SEC has once again delayed its decisions on two highly anticipated cryptocurrency ETFs — those for XRP and Litecoin, proposed by CoinShares. Originally expected by late May 2025, the SEC’s review has been pushed back, with experts now forecasting approvals may come as late as the fourth quarter of 2025.

This delay has disappointed many investors who hoped for an early summer green light. However, the SEC’s cautious approach reflects the complex nature of regulating digital assets and the need to protect investors while fostering innovation.

Despite the setback, there is a positive development: the SEC has acknowledged a new ETF proposal from Canary Capital, focused on TRX with staking features. This ETF would be the first to offer exposure to a cryptocurrency along with the option to earn staking rewards, signaling the SEC’s growing openness to innovative products within the crypto space.

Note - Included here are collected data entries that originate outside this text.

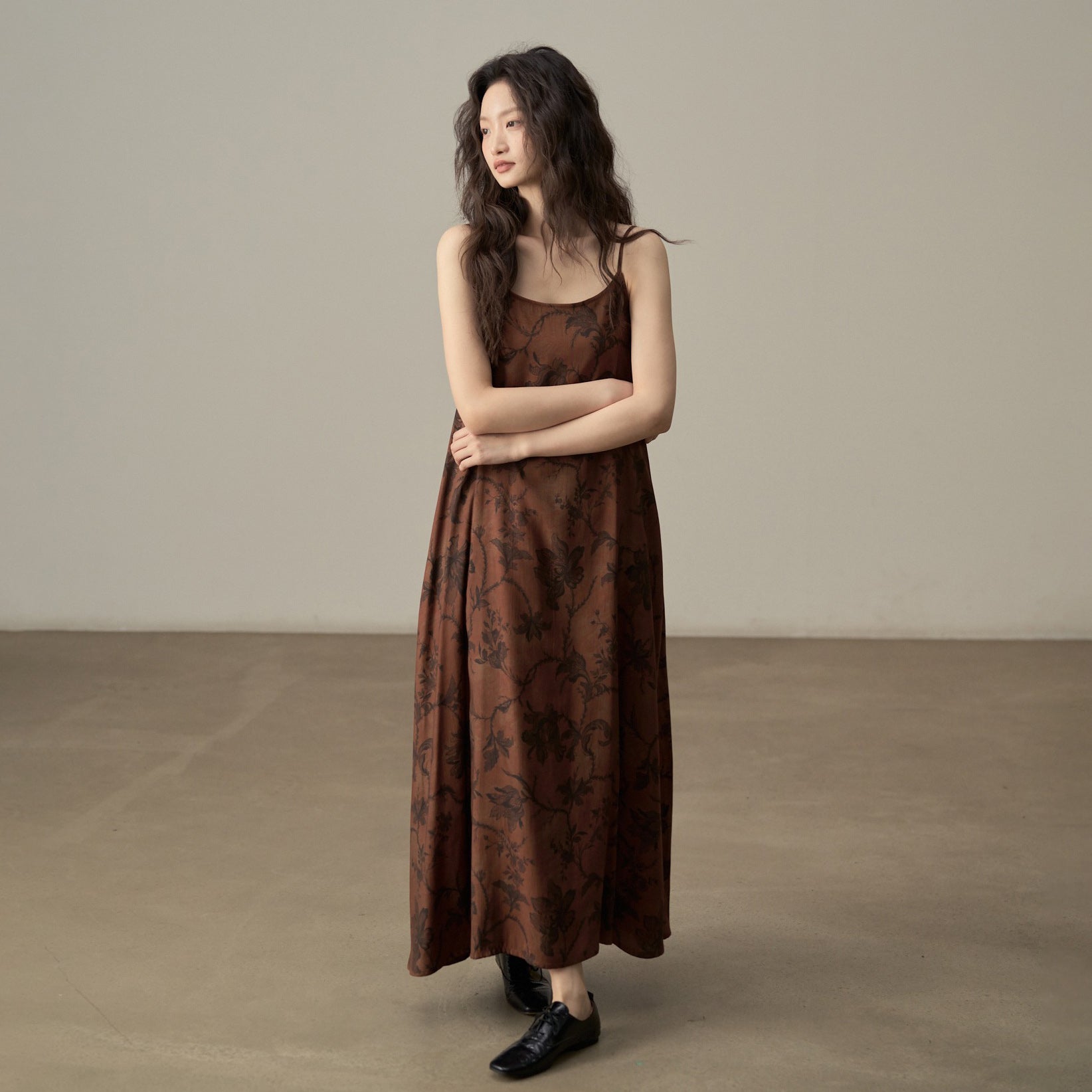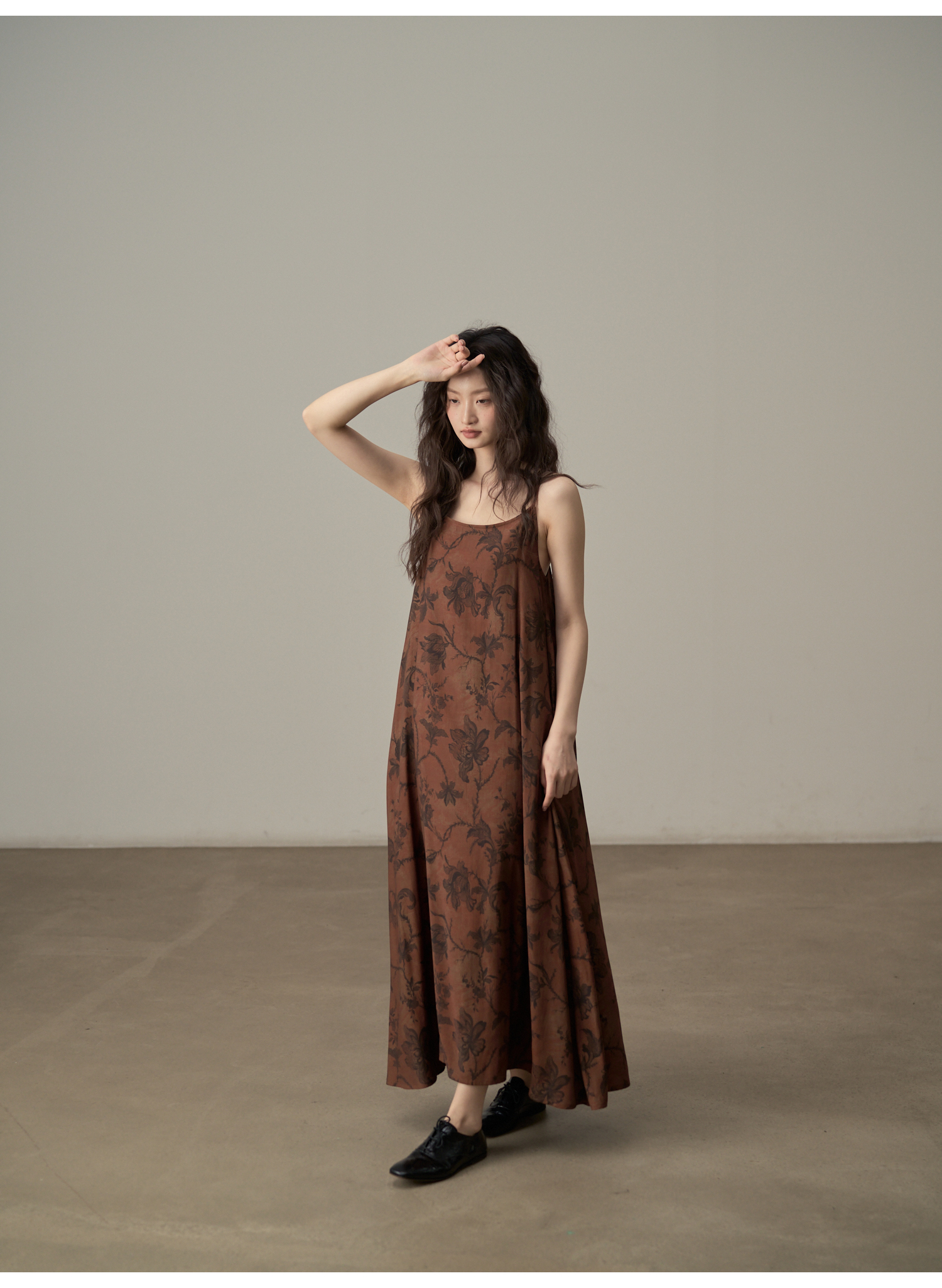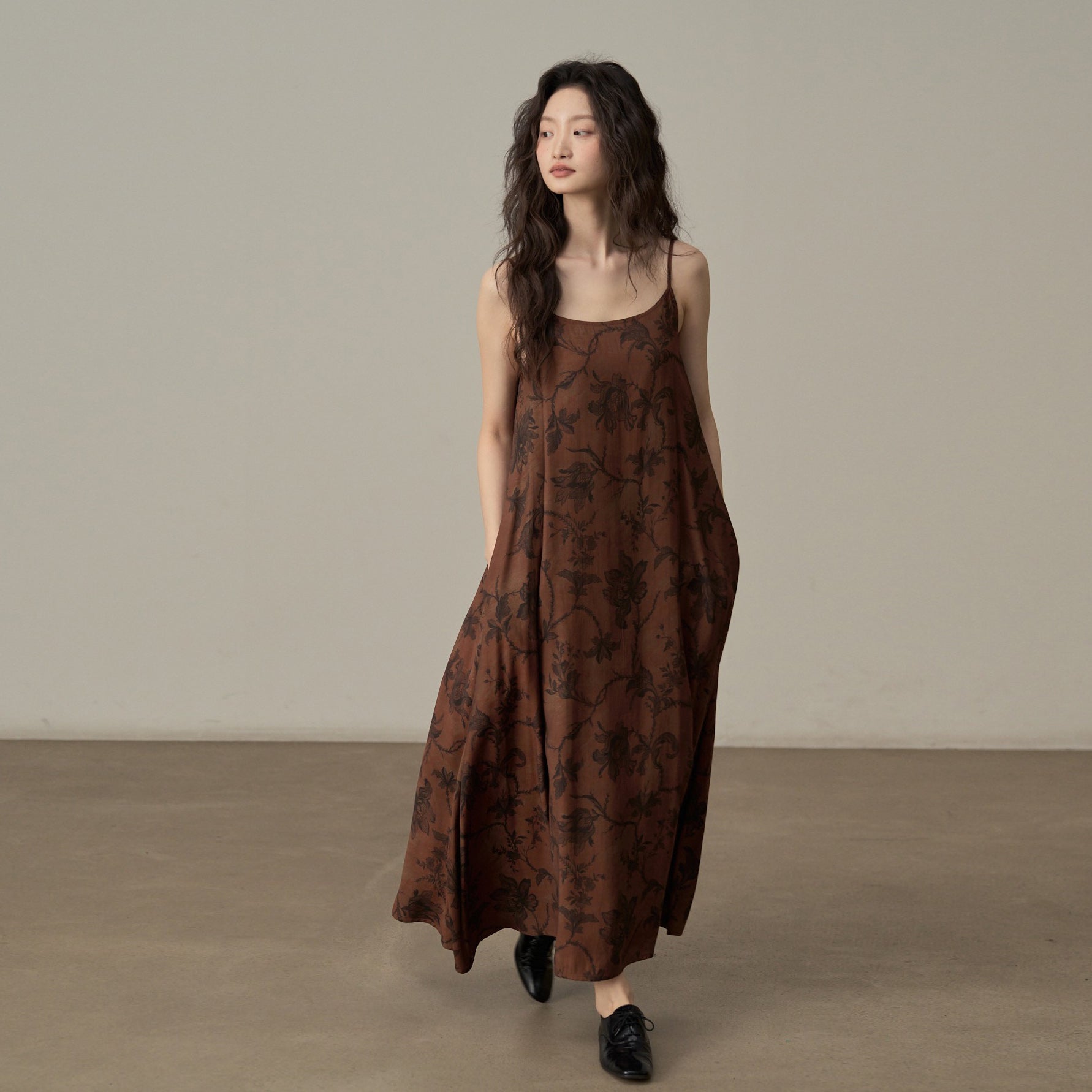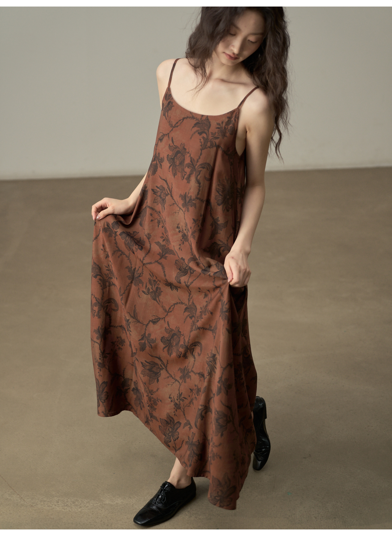 【商品名】【ワンピース】新中式 ヴィンテージ高級感 プリント 柔らかい素材 リゾート風 ノースリーブワンピース【SHシリーズ】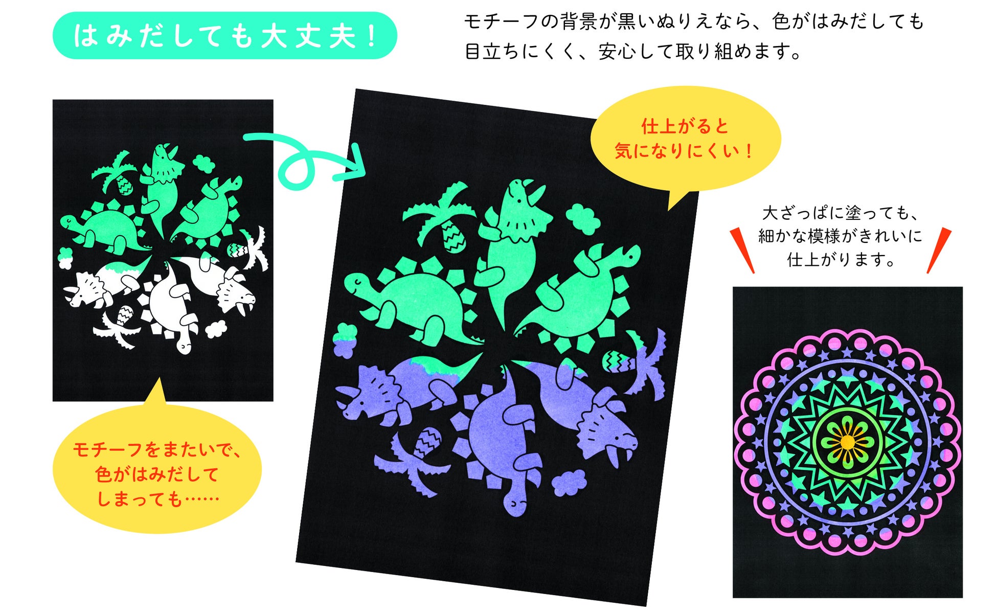 - はみだしても目立たない! 「できた!」の達成感が得られる背景が黒いぬりえ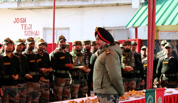 Northern Command chief Lt Gen Ranbir Singh during his visit to an Army formation in Kashmir on Thursday.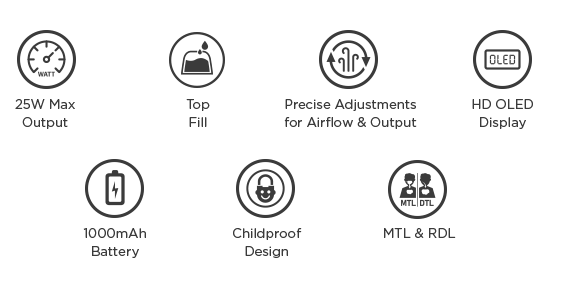 25W Max Output Top Fill Precise Adjustments for Airflow & Output HD OLED Display 1000mAh Battery Childproof Design MTL & RDL |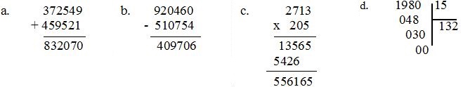 A.372549 + 459521 B. 920460 - 510754 C. 2713 x 205 D. 1980 : 15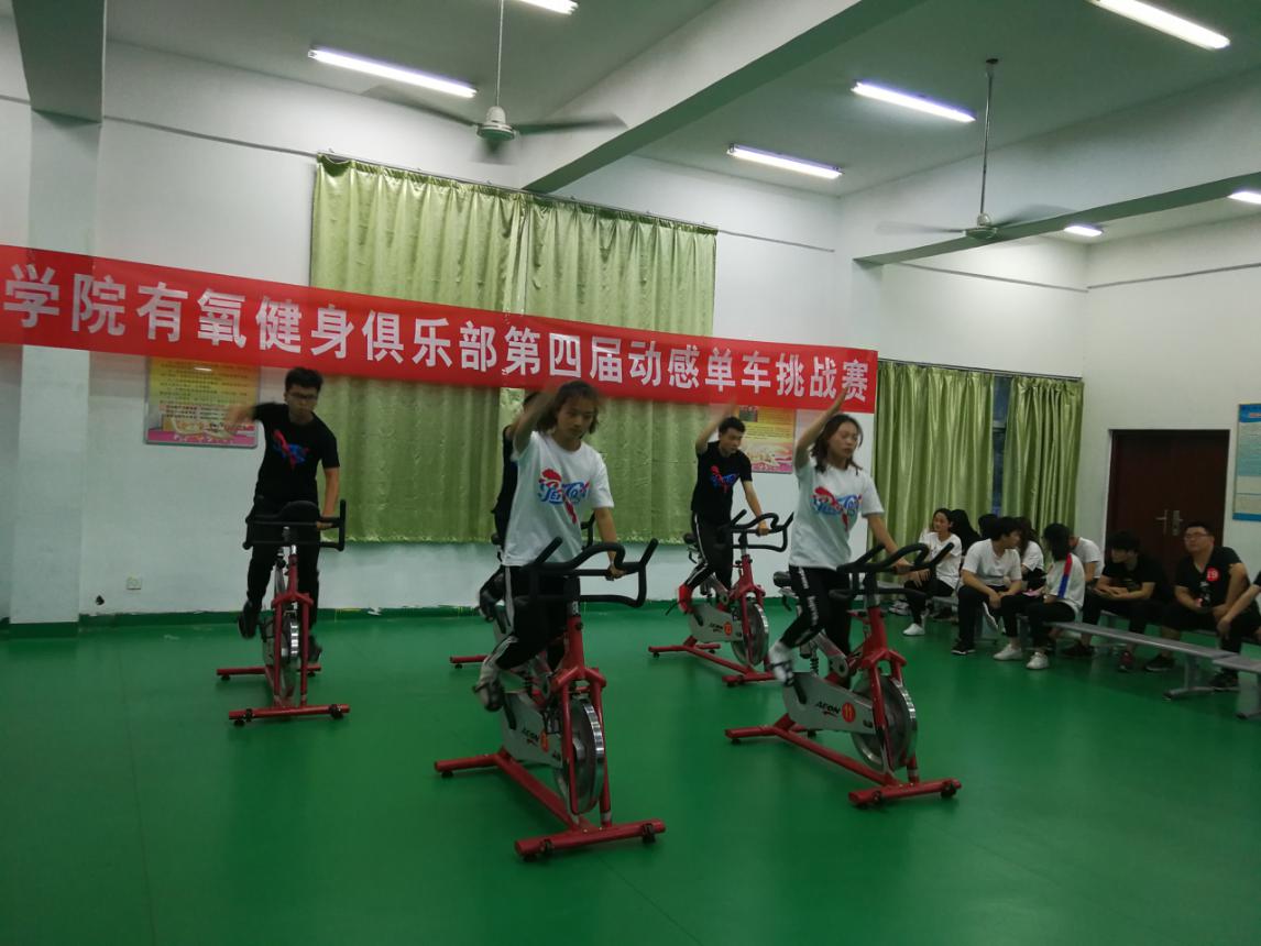 为了丰富学生的业余生活,展示大学生的风采,5月29日下午,我校有氧健身俱乐部在苍梧校区主运动场举办了第四届动感单车挑战赛,本次比赛的主题是“将青春演绎到极致”。近百名同学参加了比赛,比赛分为单人赛、团体赛共31个项目。有氧健身教学俱乐部的近四百名同学在现场观摩了比赛。

Analysts are optimistic that once approved, XRP and Litecoin ETFs could drive substantial price gains. XRP, for example, could surge beyond $2.50, reflecting increased investor confidence and greater market accessibility through regulated investment products.

The delayed timeline means investors must stay patient but attentive. The potential for these ETFs to open new channels of investment into major cryptocurrencies remains strong. Moreover, the SEC’s consideration of novel ETF structures like staking suggests that crypto investments may become even more diversified and accessible in the near future.

In summary, while the wait for XRP and Litecoin ETF approval continues, the evolving regulatory landscape points to a maturing market with promising opportunities ahead. Investors and market watchers should keep a close eye on upcoming developments, as they may reshape the way digital assets integrate with traditional finance.